I have a home Kubernetes cluster running on Talos Linux, where some applications rely on SQLite databases stored on an iSCSI target from my TrueNAS server. I'm manually defining Persistent Volumes (PV) and Persistent Volume Claims (PVC) for these workloads, rather than using CSI drivers. Every now and then, I need to restart my TrueNAS server for maintenance or updates, which causes the iSCSI target to go offline for about 5 to 30 minutes.
During this downtime, my liveness and readiness probes trigger pod failures, leading Kubernetes to attempt restarts. However, when the TrueNAS server is back online, the pods still encounter input/output errors, claiming they can't write to the config folder attached to the iSCSI target. I find that manually deleting the problematic pod allows Kubernetes to create a new one that works fine.

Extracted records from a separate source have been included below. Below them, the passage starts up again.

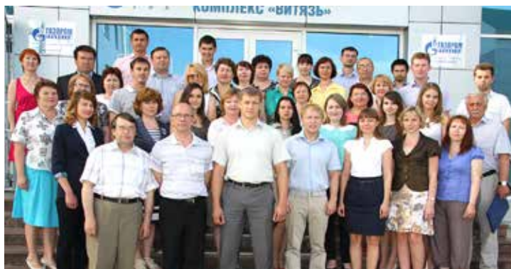
Дружному коллективу любая задача по плечу

Основная задача ПКБ сегодня – своевременное обеспечение проектно-сметной документацией объектов строительства и капиталь-
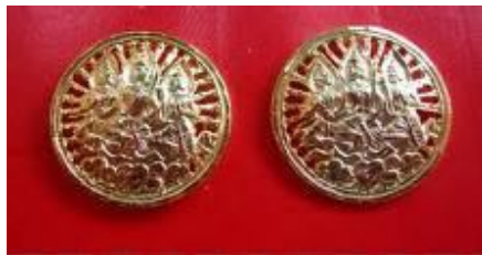
เครื่องหมายแสดงสังกัด จะมีความแตกต่างกันในแต่ละกระทรวงในส่วนของกระทรวงแรงงาน จะมีลักษณะทำด้วยโลหะโปร่งสีทอง เป็นรูปเทวดา 3 องค์ (ห้ามเคลือบพลาสติก) ติดบริเวณคอเสื้อทั้งสองข้างติดกลางปกเสื้อ
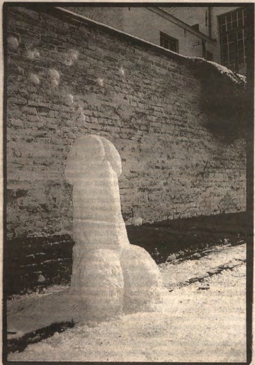
Van den Bossche wit van woede? De verschrikkelijke sneeuwman? Toe pee of not to pee? Toback krijgt toch standbeeld? Hoe dan ook, Koning Winter zwaait z'n scepter over Leuven. En dus kon u deze robuuste jongheer vrijdag bewonderen bij Alma 2. Tot een mooi middagzonnetje voor impotentie begon te zorgen. Wees echter getroust, 't kan ook psychologisch zijn.
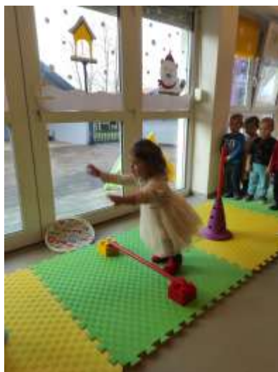
Slika 61. Vježbe na poligonu

Svakodnevne životno-praktične i radne aktivnosti pridonosile su usavršavanju njihovih sposobnosti za koordinaciju i preciznost kod baratanja predmetima. Oblačenje i svlačenje te obuvanje i izuvanje vježbamo svakodnevno prije odlaska na spavanje i prilikom buđenja. Potičemo djecu ohrabrivanjem da budu sigurna u sebe i da to mogu sami. Nošenje tanjura i šalica uz pažnju da se ne prolije, vučenje predmeta i igračaka uz usmjeravanje kojim će putem ići, razvrstavanje igračaka na predviđeno mjesto, slaganje predmeta u vis, otvaranje/zatvaranje, gužvanje i kidanje papira – neke su od aktivnosti pomoću kojih su djeca vježbala svoju koordinaciju i preciznost. Finu motoriku šake razvijali smo kroz crtanje, rezanje škaričama, lijepljenje, oblikovanje tijestom i rastresitim materijalima. Pokretljivost i gipkost vježbali smo kroz razne poligone koji su zahtijevali raznolike načine kretanja – prolaženje preko, između, ispod, kroz.
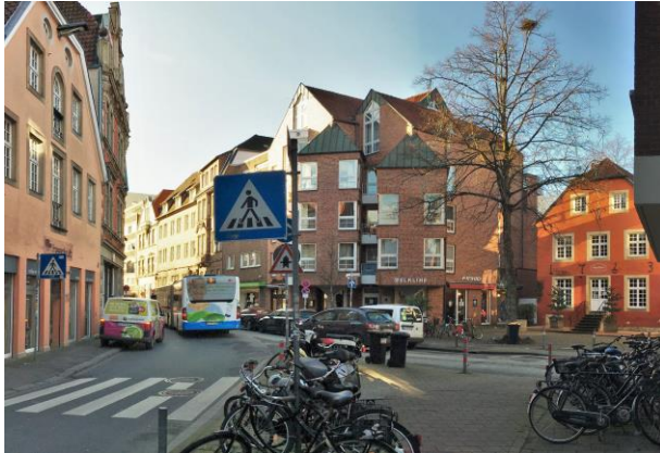
Martiniplatz - Bestandssituation

I'm curious how others are managing disconnects with iSCSI targets, especially when they stay offline for extended periods. Any tips on auto-restarting pods or preventing these stale connections?
3 Answers
Unfortunately, there's not much that can be done once the underlying infrastructure is lost for an extended period; the volume mount usually becomes stale and irrecoverable. You might need to adjust your maintenance practices to scale down instances before taking storage offline or ensure that your pods can restart automatically after such events.
I use a custom liveness script that checks the status of the mounted volumes. When it detects a stale volume, the pod is terminated, allowing Kubernetes to attempt to re-establish the connection, which usually succeeds when the external storage returns.

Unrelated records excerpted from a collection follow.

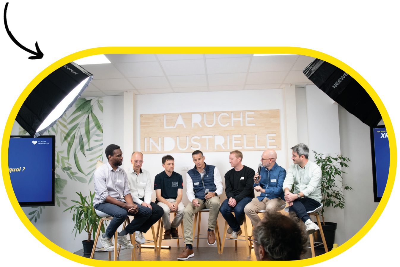
Table ronde : Open USD

Les échanges ont mis en lumière des retours d'expérience concrets, des approches complémentaires et une vision commune : celle d'une interopérabilité accrue et d'une collaboration fluide entre les mondes virtuel et réel — un enjeu majeur pour l'industrie du futur.
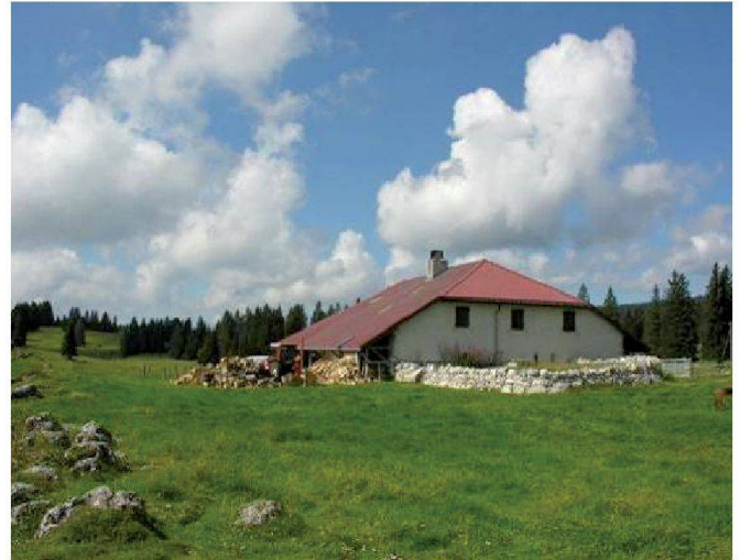
Fig. 9: Citerne alimentée par une toiture.
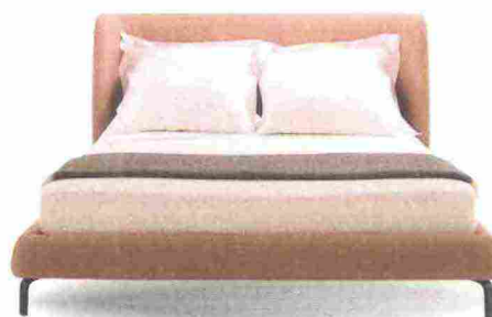
AVVOLGENTE Desdemona ha testiera a conchiglia e rivestimento in tessuto rosa [Ligne Roset, da cm 188x237x77,5h da € 3.534].

LA RETE SI SOLLEVA? Controlla quanto può pesare al massimo il materasso, per non rovinare il meccanismo.
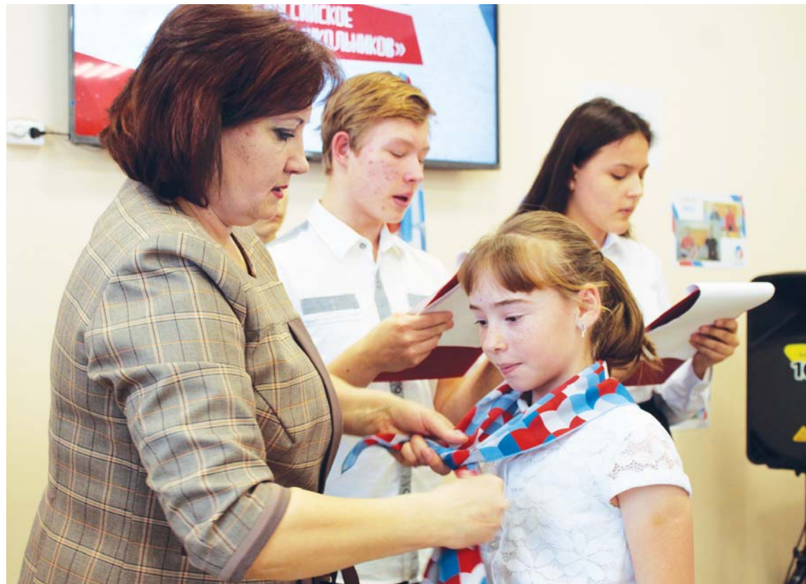
Ученики МКОУ ООШ № 4 первыми в городе вступили в ряды Российского движения школьников

Интересные проекты, активности, акции, мероприятия и многое другое объединяет ребят, ставших участниками Российского движения школьников. К нему присоединяется всё больше российских школ. В Усть-Катаве самой первой это сделала школа посёлка Шубино. Я расскажу, как это было.
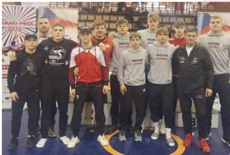
Das ÖRSV-Team beim Grand Prix in Chomutov.

Unsere Gr.-Röm. Nachwuchs-Nationalmannschaft nahm am Grand Prix von Tschechien in Chomutov teil. Dieses Turnier wurde in die Altersklassen U17 und U20 eingeteilt und war mit 300 Startern aus 20 Nationen sehr stark besetzt.
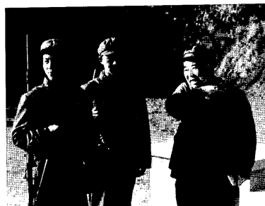
九屆二中全會在廬山看望警衛部隊

我這是第一次上廬山，來到山上一看，廬山上還真不愧是毛澤東所說的，“無限風光在險峰”，風景很好。山上的房子都是依山勢而建，因而不大集中。在水庫邊上，專門給毛澤東修
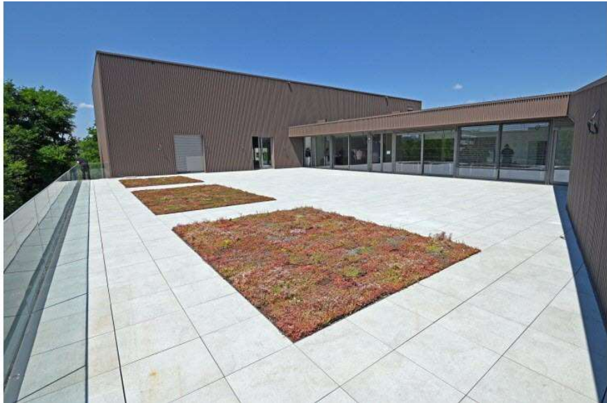
14 / 20
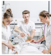
Une profession centrée sur la personne
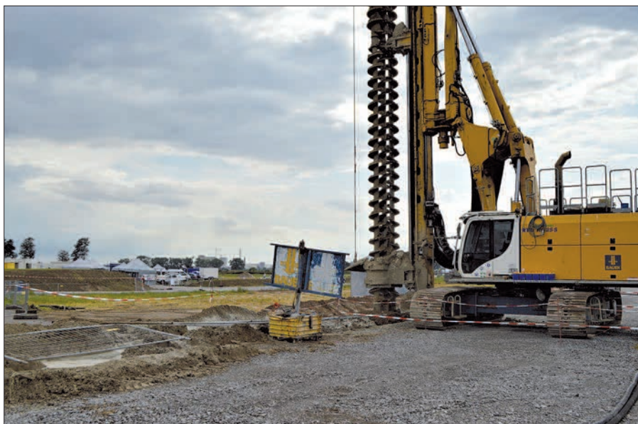
Derzeit wird die 20 Meter tiefe Dichtwand gebaut. Sie soll den Ort vor dem hochdrückenden Grundwasser schützen.

gelagert. Die relativ neue Maschine erleichtert das Füllen erheblich.“ Die Stadt arbeite eng mit dem THW zusammen. Im Ernstfall können zehn Menschen in

The downside with a liveness script is that it typically only restarts the container and not the whole pod. Even if the iSCSI server comes back online, the pod often retains a stale connection, leading to repeated container restarts without real recovery. Do you not experience that issue with your setup?

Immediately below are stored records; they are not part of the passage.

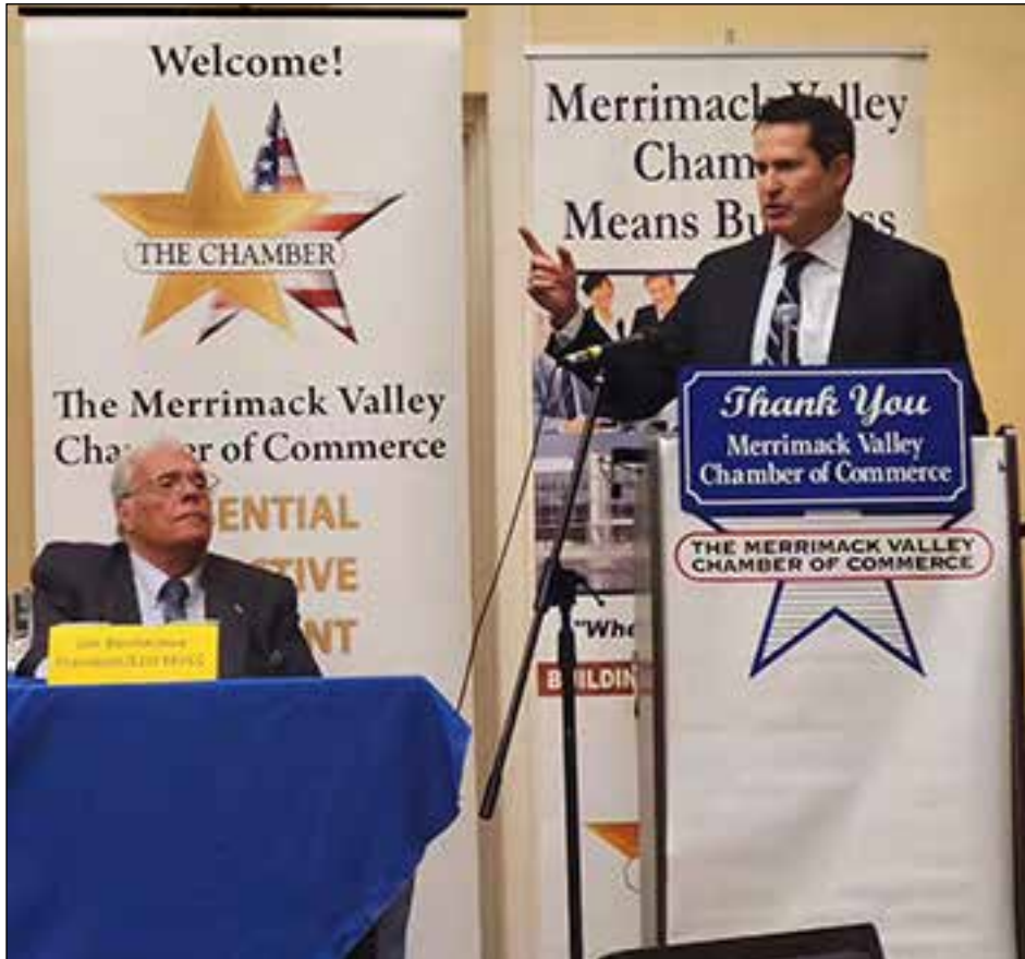
The Merrimack Valley Chamber hosted the Annual Congressional Forum with Congressman Seth Moulton at the DoubleTree in Andover. The Congressman discussed important issues that the Merrimack Valley and nation are facing today, answered questions and met with Chamber Members.
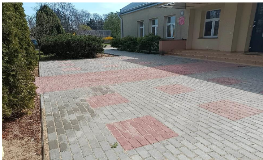
Zdjęcie 14. Nawierzchnia z kostki betonowej przed budynkiem Publicznego Przedszkola w Drwalewie

Zadanie zrealizowano w całości. Wartość wykonanych robót 94.776,99 zł. Kwota uzyskana z dofinansowania z PO „Rybacko i Morze” na lata 2014-2020 - 45.698,00 zł.
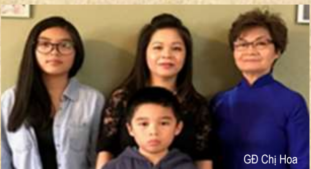
GD Chì Hoa

Have you considered scaling down your workflows in Kubernetes before you restart the TrueNAS server? That way, you can minimize issues during planned maintenance, and it might help avoid some of the complications with stale connections afterward.
I can see how that would help. However, I usually forget to scale them down and back up. It would be great if Kubernetes could automatically detect when iSCSI volumes become unavailable and restart the entire pod instead of just the containers.

I'm particularly interested in how to ensure automatic pod restarts. My understanding is that liveness and startup probes only cause container restarts, not the entire pod. I've also tried having an additional pod that checks the main pods, but even that approach didn't resolve the stale connection issue.